MontFerret / ferret

Declarative web scraping
https://www.montferret.dev/
Apache License 2.0
5.73k stars 300 forks source link

Google example does not work with version 0.10 #460

Closed gsempe closed 2 years ago

gsempe commented 4 years ago

Describe the bug The google example does not work anymore with the version 0.10

To Reproduce Steps to reproduce the behavior:

  1. Run with version 0.9 the script https://github.com/MontFerret/ferret/blob/master/examples/google-search.fql
  2. The script works as expected
  3. Run with version 0.10 the script https://github.com/MontFerret/ferret/blob/master/examples/google-search.fql
  4. the script prints the error:
Failed to execute the query
cdp.DOM: GetContentQuads: rpc error: Could not compute content quads. (code = -32000): CLICK(google,'input[name="btnK"]') at 8:0

Expected behavior It is expected to have the same behavior.

Screenshots If applicable, add screenshots to help explain your problem.

Desktop (please complete the following information):

Additional context Chrome is launched with the command line:

/Applications/Google\ Chrome.app/Contents/MacOS/Google\ Chrome --remote-debugging-port=9222
gsempe commented 4 years ago

As a complementary information, it seems the bug happens very rarely on the first crawl after the chrome launch but all the time on the second one

ziflex commented 4 years ago

Does the behavior persist if you use dockerized Chrome? For example, from this image microbox/chromium-headless:77.0.3844.0?
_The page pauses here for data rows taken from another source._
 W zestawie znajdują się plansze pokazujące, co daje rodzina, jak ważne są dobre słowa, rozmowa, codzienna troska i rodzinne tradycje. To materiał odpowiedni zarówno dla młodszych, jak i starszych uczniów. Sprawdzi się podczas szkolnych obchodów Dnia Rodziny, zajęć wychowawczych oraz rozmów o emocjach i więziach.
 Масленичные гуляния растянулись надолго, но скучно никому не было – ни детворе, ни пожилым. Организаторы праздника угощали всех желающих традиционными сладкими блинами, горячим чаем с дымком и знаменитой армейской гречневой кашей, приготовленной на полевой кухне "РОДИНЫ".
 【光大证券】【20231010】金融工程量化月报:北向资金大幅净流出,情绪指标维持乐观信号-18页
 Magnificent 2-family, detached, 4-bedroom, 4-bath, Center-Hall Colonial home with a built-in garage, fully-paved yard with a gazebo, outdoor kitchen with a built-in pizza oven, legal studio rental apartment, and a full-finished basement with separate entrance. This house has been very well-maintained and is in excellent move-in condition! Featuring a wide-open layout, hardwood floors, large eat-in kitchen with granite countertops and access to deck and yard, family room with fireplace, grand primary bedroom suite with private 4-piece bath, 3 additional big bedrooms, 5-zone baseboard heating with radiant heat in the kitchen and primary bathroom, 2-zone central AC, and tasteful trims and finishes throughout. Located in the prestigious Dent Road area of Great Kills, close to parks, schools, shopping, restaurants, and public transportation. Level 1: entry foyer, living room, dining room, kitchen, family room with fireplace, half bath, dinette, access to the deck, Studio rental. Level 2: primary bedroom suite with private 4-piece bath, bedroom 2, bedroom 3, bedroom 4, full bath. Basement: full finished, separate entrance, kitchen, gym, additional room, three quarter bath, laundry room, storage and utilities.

gsempe commented 4 years ago

I just tried with alpeware/chrome-headless-stable:latest and the problem does not happen with this dockerized Chrome version.
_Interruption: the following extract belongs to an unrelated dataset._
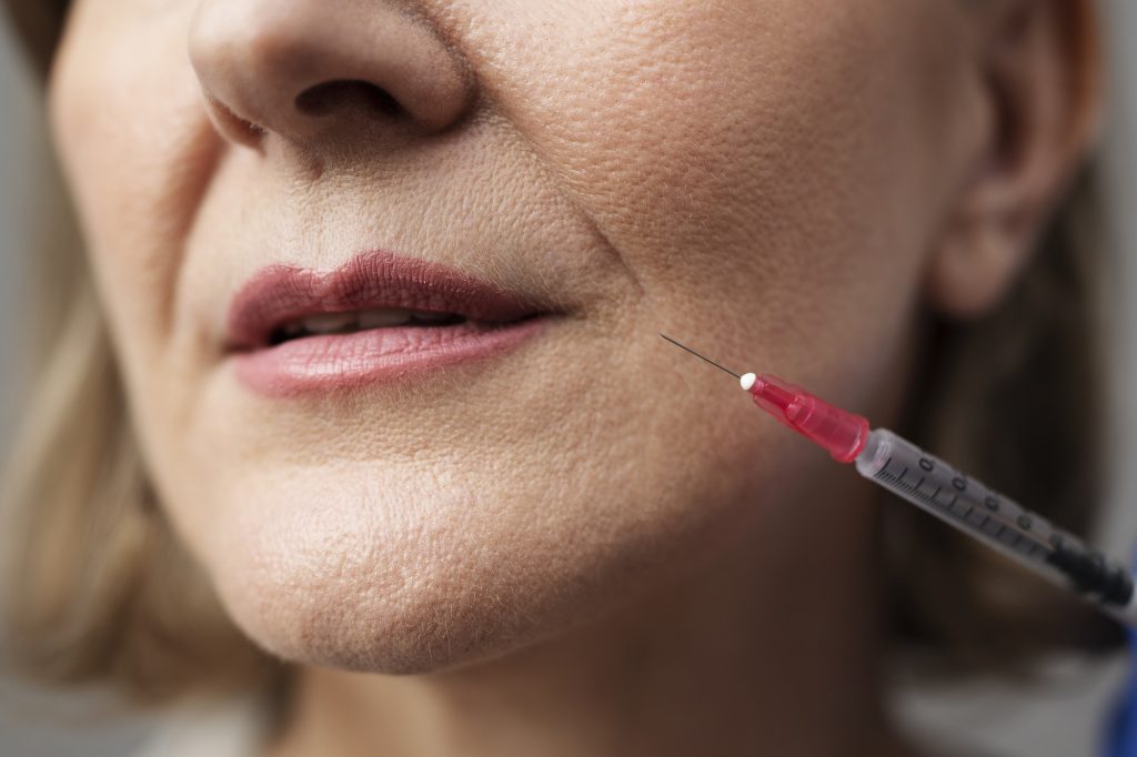 A medical professional injects a gel-like substance into the skin at the appropriate depth.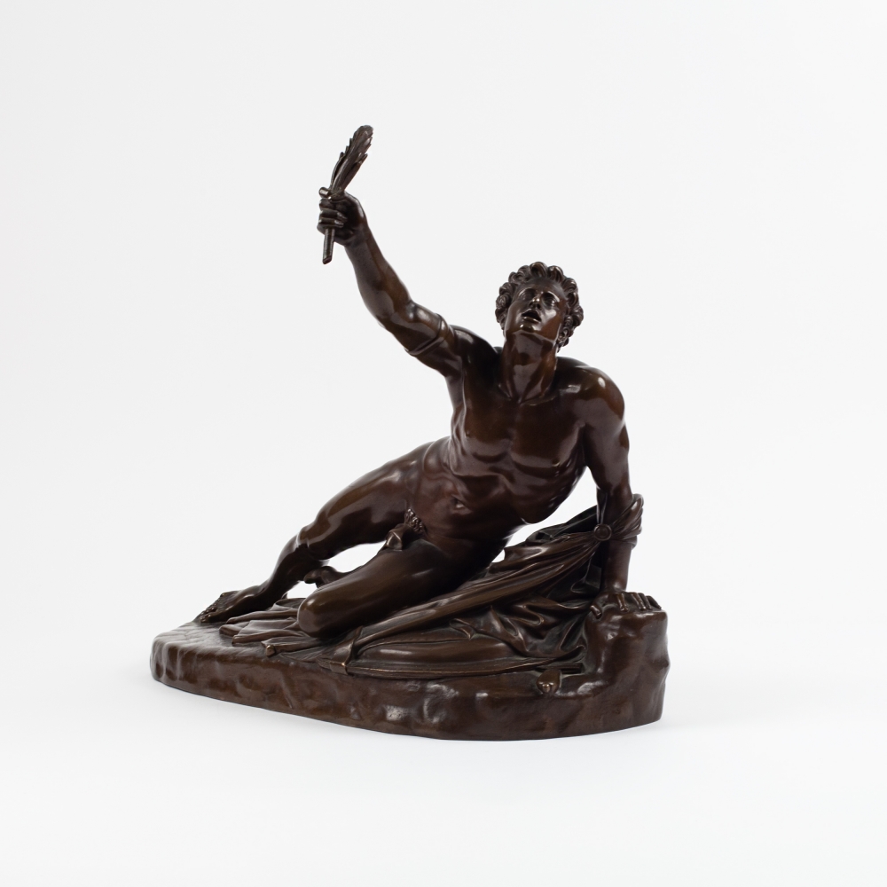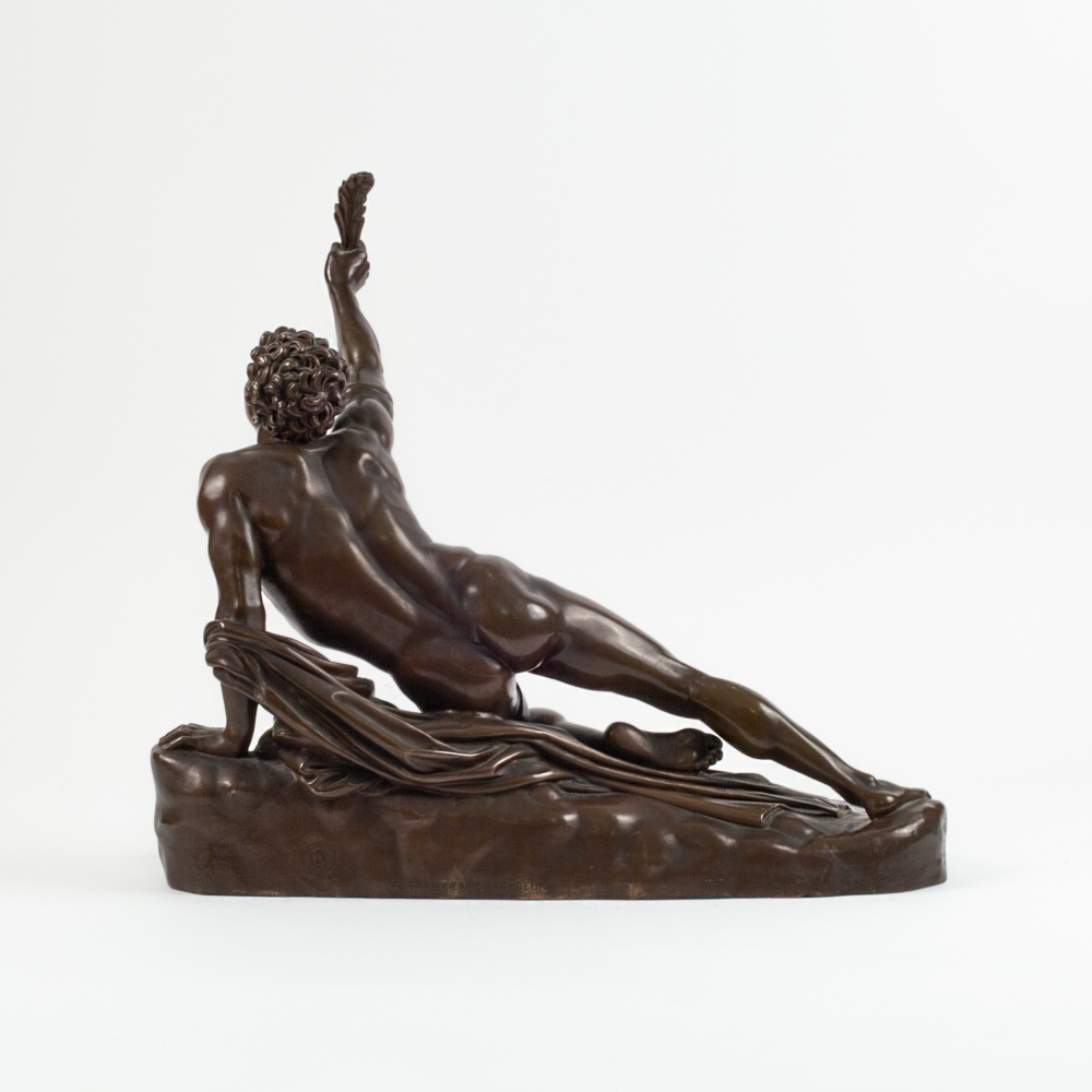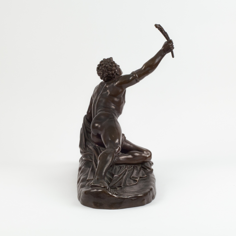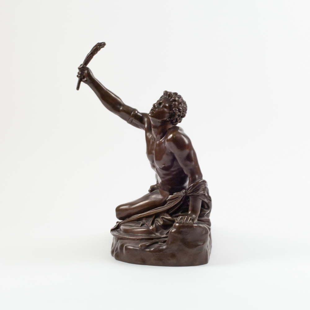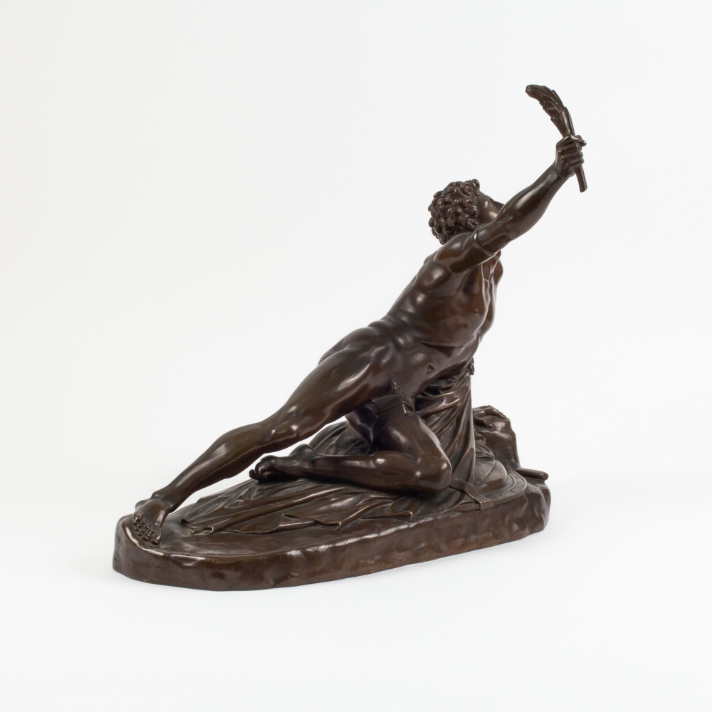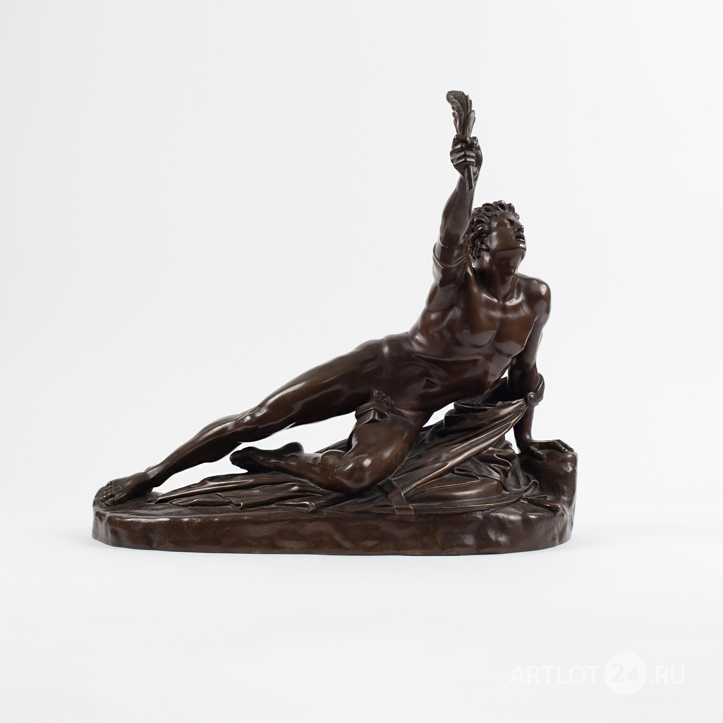 Выполнена по модели французского скульптора Жан-Пьера Корто (Jean-Pierre Cortot, 1787-1843 Paris). Оригинальное название «Марафонский солдат, возвещающий о Победе». Бронза, литье, патинирование, клейма: фабрики «F. Barbedienne Fondeur», круглое «Reduction mecanique. A.Collas», Франция, 1900-1930-е годы, размер: 42 х 37 см

From my point I consider it as a good workaround. What do you want to do with this issue from the project point of view?

ziflex commented 4 years ago

Great! Well, the problem is that Chrome is not very stable and there are specific versions that work well. Here you can read how Puppeteer team solved this problem.
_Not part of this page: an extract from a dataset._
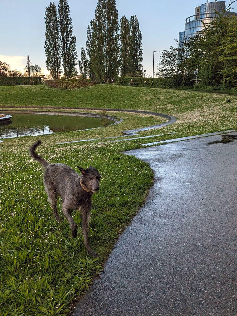 Die Truppe auf dem Killesberg in Stuttgart hatte den Regenschirm zwar immer am Start. Dafür wurde sie begleitet von Windhündin Brenda, die mit der besten Kondition von allen glänzte. 😉

I guess I need to add this to README that not all Chrome versions are equally good for Ferret.

gonssal commented 2 years ago

I'm getting this same error with a site. The FQL script is the same as other sites I'm also crawling, the only things that change are the selectors, and I only get the error for this one site.

I'm using the montferret/chromium image in a docker compose setup. I tried updating it and also using it directly without compose, manually executing the script. I always get the error. Any idea on what to do/check to fix it?

ziflex commented 2 years ago

Hmm, is it happening on Google Search page only?

gonssal commented 2 years ago

It's not on Google, it's a real estate site.

ziflex commented 2 years ago

Are you using the latest version of Ferret?

Could you give me an example of your query?

gonssal commented 2 years ago

I get nothing with ferret -version but I ran go get -u and I'm in theory using v1.5.0 of cli. ferret is v0.16.3, updated it to try again just in case.

Here a working query: https://marcgonzález.com/p/ferret/immo-properties-index.fql Here basically the same query failing on another site: https://marcgonzález.com/p/ferret/7claus-properties-index.fql

I added SCROLL_BOTTOM to the second query because I thought the problem might be that some elements appear on scroll, but the error persists.

ziflex commented 2 years ago

I think the problem is that the 'Next' element you are trying to click on is not visible despite using .visible-xs selector. Your selector works only when the size of the screen equals mobile phone size.

Bottom line: change .visible-xs to .hidden-xs.

gonssal commented 2 years ago

I tried modifying it and the error is gone, thank you. I didn't even think you could not click elements with display: none honestly.

Now I get an operation timed out error but I guess it's another issue.